The second comment that riled up the sports world was Trump’s withdrawal of the White House invitation to the Golden State Warriors, the current NBA champions. First, he uninvited Steph Curry, citing Steph’s hesitation in one of his Tweets as the cause for the rescinded invite. People were confused by this turn of events. Trump was uninviting someone who had already figuratively checked “Not attending” on the RSVP. LeBron James noticed, tweeting in defense of Curry and calling the President a “bum.”

The Warriors also noticed and put out their own statement: “In lieu of a visit to the White House, we have decided that we’ll constructively use our trip to the nation’s capital in February to celebrate equality, diversity and inclusion — the values that we embrace as an organization.” Personally, I like this response most, as it is constructive instead of adding to the divisiveness.

There is a lot of reading to do on both topics, but this is less about the specifics and more about why this is different than political discourse in sports historically.

1. Politicians discussing sports is much less common than athletes discussing politics.

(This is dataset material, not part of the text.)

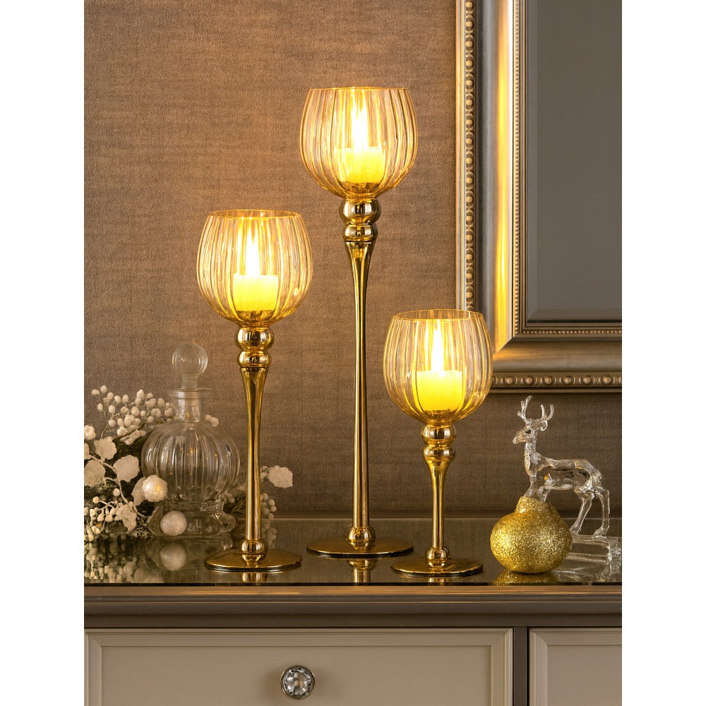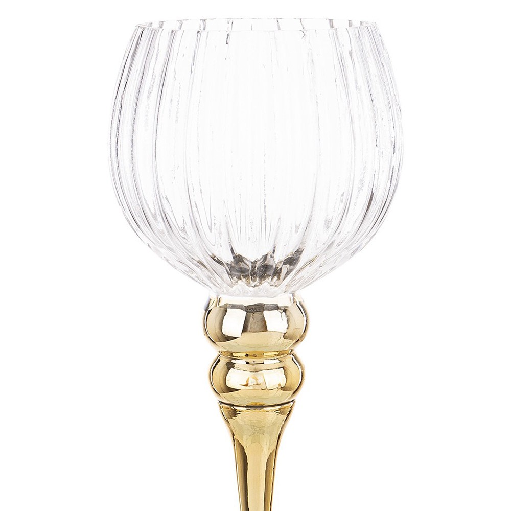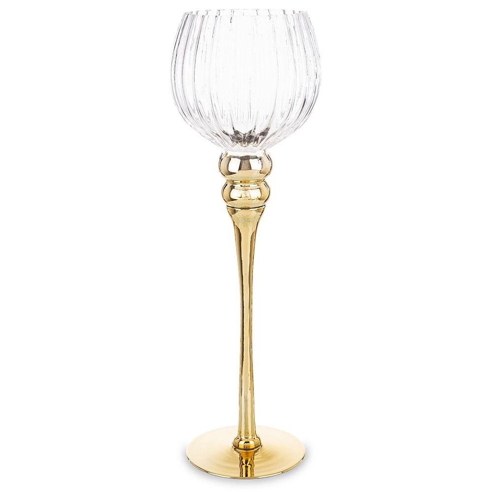 Wnieś do swojego wnętrza odrobinę luksusu i subtelnego blasku dzięki temu wyjątkowemu świecznikowi w stylu glamour. Jego smukła, elegancka forma oraz połączenie transparentnego szkła z połyskującym, złotym wykończeniem sprawiają, że jest on nie tylko praktycznym elementem aranżacji, ale również efektowną dekoracją samą w sobie.

While it would be shocking to hear Ted Cruz yell “Go Cowboys!” at the end of a speech, it would not be surprising to hear politics in the locker room. There seems to be a precedent for one and not the other.

2. In regards to the NFL, the President of the United States used “b***h.” Not only did he use it, he directed it toward his own citizens. He was calling peaceful protesters disrespectful, yet he used one of the most disrespectful terms possible to describe them. Protests have been happening in sports for many years, recent memory starting with Muhammad Ali. It had not been met with such language from POTUS until now.

3. This is not the first time an athlete has skipped a White House visit, and it certainly was not the most disrespectful phrasing of reasons (see Tom Lehman). The difference this time was the President’s rescinding of an invitation. For some it is petty, but for others, it’s a sign of strength. Either way, it is unheard of.

There is a lot to talk about in terms of right and wrong, especially in terms of kneeling during the National Anthem, but one thing is sure. Politics and sports, especially the Oval Office and sports, have a new relationship. We just have to wait and see how it will continue playing out.